While I struggle, as I admitted above, with my tendency to be too demanding (my tough-love streak), I also recognize that providing only about 3 months in my unique teaching and learning environment faces a monumental hill to crest against more than a decade of experiences as students and student-writers.

More often than not, I do not crest, but descend a bit defeated like Sisyphus to roll that rock yet again.

The tension between being a student and a writer is not insurmountable, I hope, but it certainly must be confronted openly and directly in our classes, especially our writing-intensive classes.

In the world beyond formal schooling, many of the qualities of a good student will prove to be ineffective in the same way they are for young people learning to write well.

The best strategies for being an effective writing teacher include recognizing and helping our students navigate their roles as students—even as we seek to help them to move beyond those artificial restrictions.

Overstating Nothing: Why Students Often Write their Worst Sentences First (and Last)

I may have just read the worst essay I have ever read submitted by a student—since the beginning of time.

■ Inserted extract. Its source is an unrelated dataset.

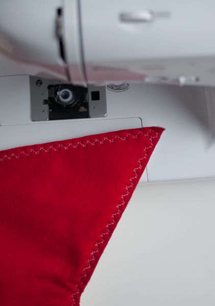 Logo após, se você estiver utilizando tecidos, você deve costurar as duas partes juntas com os lados do avesso juntos e para dentro, depois virar a peça para o lado do direito, fechar a abertura com pontos invisíveis à mão, e então fazer um ponto decorativo à máquina ao redor da peça, perto da borda, para decorar o seu protetor de panelas. Já se você estiver utilizando o feltro, basta apenas manter as duas partes juntas, com o auxílio dos alfinetes para costura, e já fazer os pontos decorativos ao redor da peça, perto da borda.

And that occurs in this context: I have been teaching adolescents and young adults to write for 37 years.

Of the tens of thousands of student submissions I have read, of course, this essay cannot really be the worst.* But that sort of dramatic overstatement is exactly what brings me to discussing that essay and many just like it submitted recently as we near the end of the semester.

Again, as context, many of these essays have been submitted after more than two months of first-year writing seminar where I have explicitly focused on vivid and engaging openings and closings.

These essays were submitted by students working on their third essay of the semester. With the first essay of the semester, as well, class instruction and the drafting process heavily focused on writing specific openings that have concrete and vivid narratives to both focus the reader and engage the reader.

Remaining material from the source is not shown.